▶ **GIVEN DATA**:
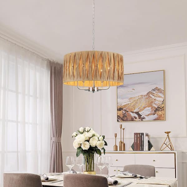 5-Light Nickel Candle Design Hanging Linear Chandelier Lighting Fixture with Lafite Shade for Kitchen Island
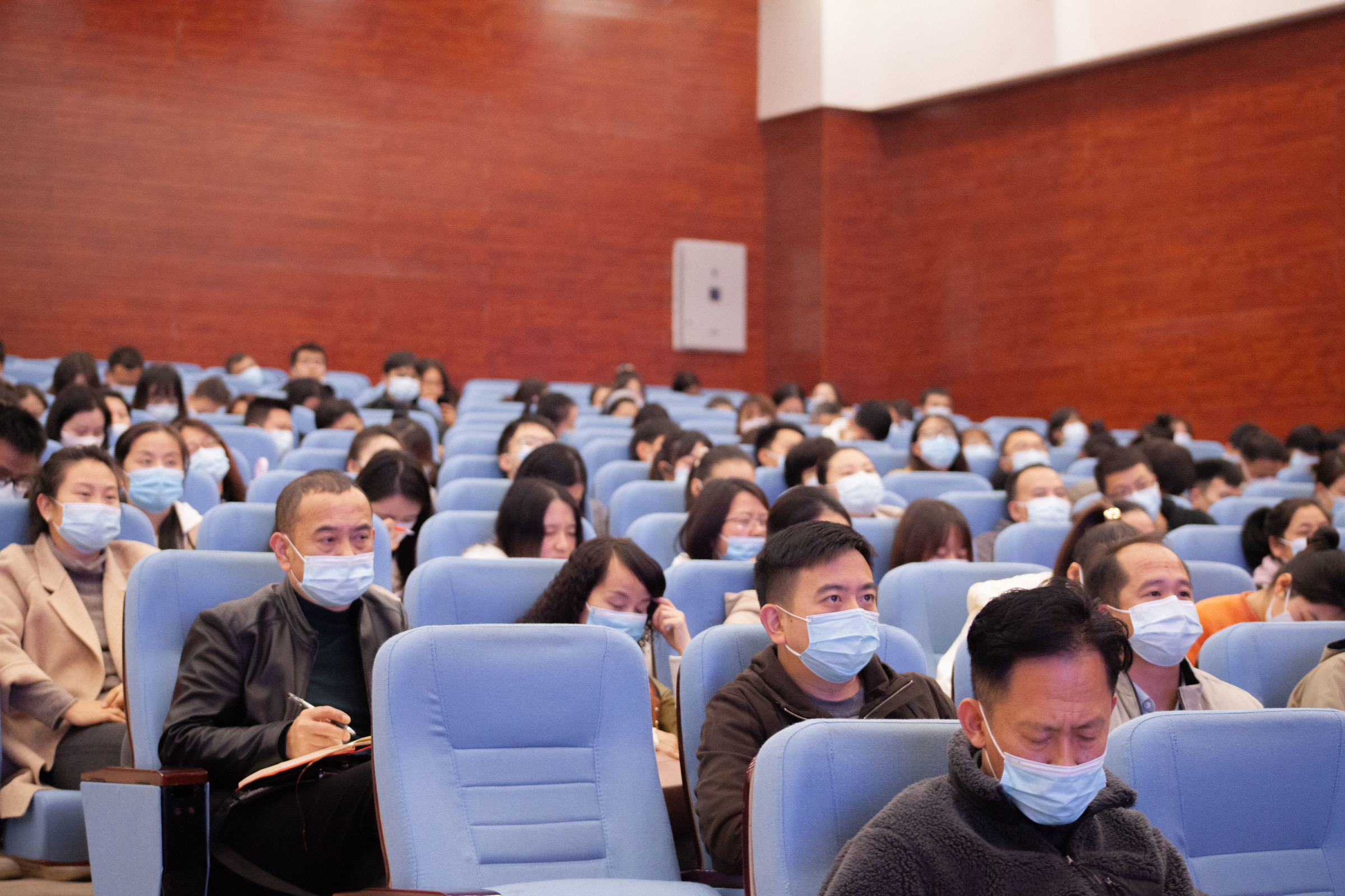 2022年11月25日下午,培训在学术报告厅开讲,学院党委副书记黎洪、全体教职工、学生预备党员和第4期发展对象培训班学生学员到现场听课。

==

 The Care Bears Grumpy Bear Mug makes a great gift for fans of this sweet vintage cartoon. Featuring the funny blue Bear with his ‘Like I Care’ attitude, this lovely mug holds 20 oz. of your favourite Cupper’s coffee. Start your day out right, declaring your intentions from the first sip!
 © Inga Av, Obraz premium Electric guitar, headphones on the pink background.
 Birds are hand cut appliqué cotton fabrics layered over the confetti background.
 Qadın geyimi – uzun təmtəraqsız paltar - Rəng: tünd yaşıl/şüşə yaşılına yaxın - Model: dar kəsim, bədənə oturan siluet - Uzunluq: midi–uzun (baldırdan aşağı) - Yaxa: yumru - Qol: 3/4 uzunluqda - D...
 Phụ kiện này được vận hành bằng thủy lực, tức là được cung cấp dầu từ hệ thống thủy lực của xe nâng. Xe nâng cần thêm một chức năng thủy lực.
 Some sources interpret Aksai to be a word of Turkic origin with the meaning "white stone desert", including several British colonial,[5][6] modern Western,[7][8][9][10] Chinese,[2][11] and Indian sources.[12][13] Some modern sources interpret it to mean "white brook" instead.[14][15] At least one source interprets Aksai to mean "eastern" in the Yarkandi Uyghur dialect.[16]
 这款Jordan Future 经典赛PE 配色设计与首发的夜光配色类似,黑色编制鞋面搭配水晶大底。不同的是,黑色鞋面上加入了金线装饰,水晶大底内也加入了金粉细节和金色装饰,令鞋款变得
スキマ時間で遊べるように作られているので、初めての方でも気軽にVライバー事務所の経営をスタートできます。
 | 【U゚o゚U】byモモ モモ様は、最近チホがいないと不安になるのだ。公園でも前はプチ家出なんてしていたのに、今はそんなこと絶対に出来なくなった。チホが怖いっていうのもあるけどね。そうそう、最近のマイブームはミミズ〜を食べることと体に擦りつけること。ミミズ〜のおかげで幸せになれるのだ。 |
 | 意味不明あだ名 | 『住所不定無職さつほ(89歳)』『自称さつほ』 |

▶ **PROBLEM REQUIREMENTS**:
Restate word for word the entries above from the line with "Birds are hand" through the line with "Qadın geyimi –", inclusive, leaving out everything else.

▶ **ANSWER BOX**:
 Birds are hand cut appliqué cotton fabrics layered over the confetti background.
 Qadın geyimi – uzun təmtəraqsız paltar - Rəng: tünd yaşıl/şüşə yaşılına yaxın - Model: dar kəsim, bədənə oturan siluet - Uzunluq: midi–uzun (baldırdan aşağı) - Yaxa: yumru - Qol: 3/4 uzunluqda - D...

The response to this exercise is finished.